Africa has been one of the fastest-growing mobile phone markets in the world over the past decade and a major contributor to the growth is the second-hand smartphone industry.
Current unfavorable economic conditions in African countries, such as high poverty rates, make them viable markets for used phones.
Thousands of retailers in Nigeria, for instance, sell refurbished mobile devices from popular brands like Samsung and Apple, catering to the demand of an increasingly digital-savvy but poor population. The devices are shipped from advanced countries and sold at cheaper rates in markets like Lagos-based Computer Village.
However, there are problems dealers face with shipping these products from markets like the United States.
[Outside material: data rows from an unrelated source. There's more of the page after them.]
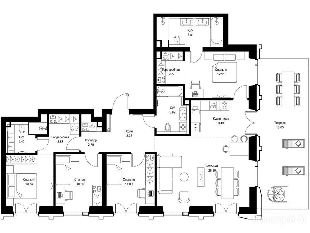 Продается четырехкомнатная квартира в новостройке ЖК SET (СЕТ) по адресу Москва, ЗАО, Можайский, ул. Верейская, вл. 29, стр. 32Б, корп. Б. Общая площадь квартиры - 132.19 кв. м. Тип проекта, по которому построен дом — Монолитно-кирпичный, компания-застройщик — MR Group (МР Групп). Стоимость квартиры — 87 836 289 руб. Способы оплаты можно уточнить у продавца. Срок сдачи — 3 квартал 2028. Более подробная информация по телефону.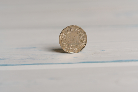 A 20 centimes Swiss coin standing on a wooden background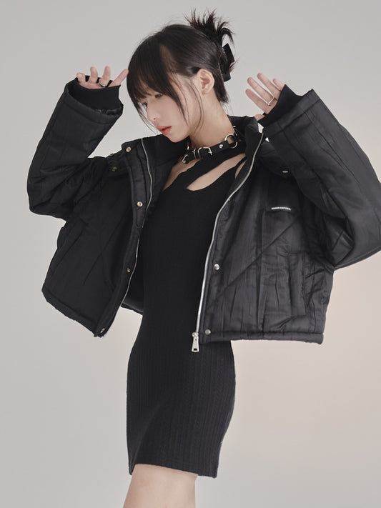 ルーズデザインショートフーディーコットンジャケット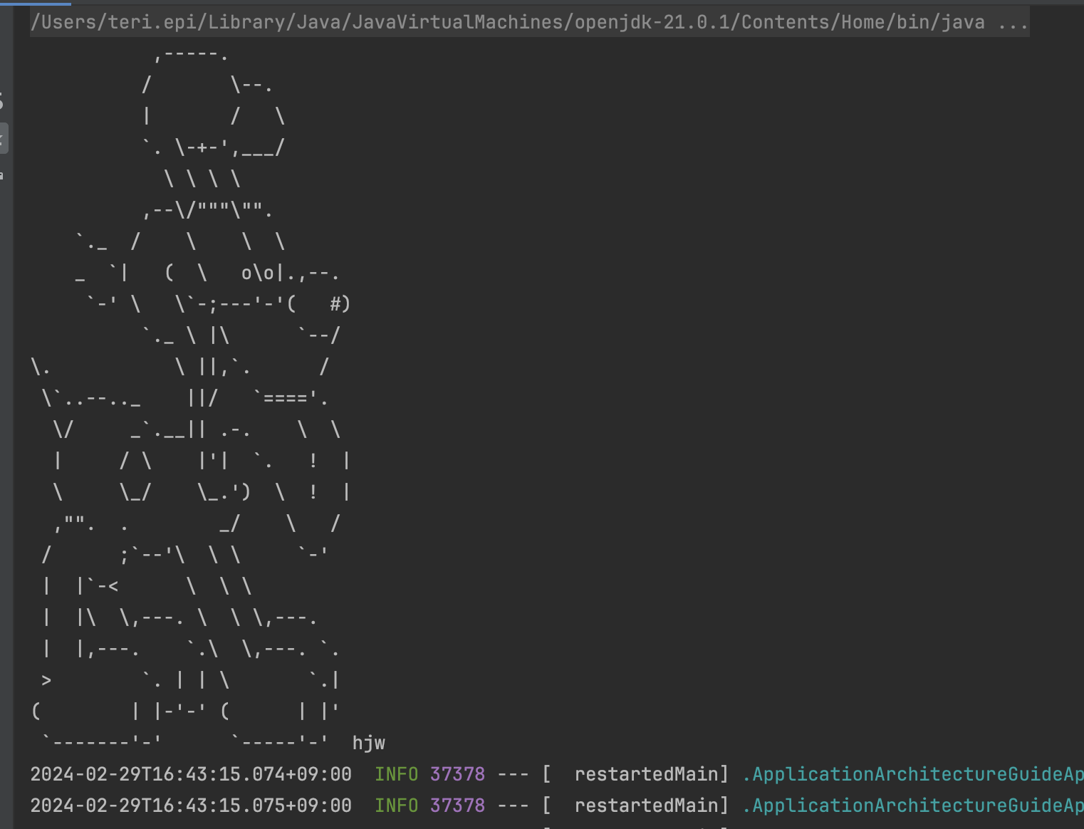 위처럼 나오려면 resources밑에 banner.txt를 넣으면 동작합니다:)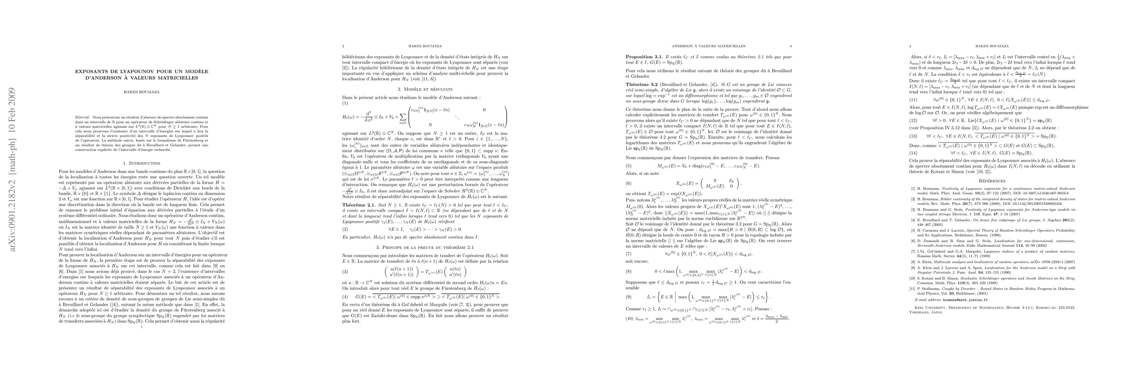 Le papier présente un résultat prouvant l'absence de spectre absolument continu pour un opérateur de Schrödinger à valeurs matricielles, et démontre l'existence d'un intervalle d'énergies où les exposants de Lyapounov sont séparables et strictement positifs, en utilisant le formalisme de Fränkfurt et des résultats de théorie des groupes.

Josh Nzewi is familiar with these problems, some of which include a lack of pricing transparency, lengthy logistics and transit times, limited supply, and more. These affect the broader cross-border e-commerce in Africa as well.
Having operated a smartphone wholesale business in the U.S. for over two years, Nzewi and his partner, David Iya, decided to begin shipping second-hand devices outside America. But they soon realised deeper issues that plagued the used smartphone market.
“In Nigeria, there was inconsistent pricing all around. Different wholesalers and retailers in Computer Village all offer different prices. That was the first inkling that showed there were some inconsistencies in the market,” Nzewi recalled in a recent TechCabal Live session.
In January 2020, they launched Eze Wholesale, a business-to-business (B2B) commodity exchange for used smartphones. Traders can place, buy, and sell used smartphones on the platform.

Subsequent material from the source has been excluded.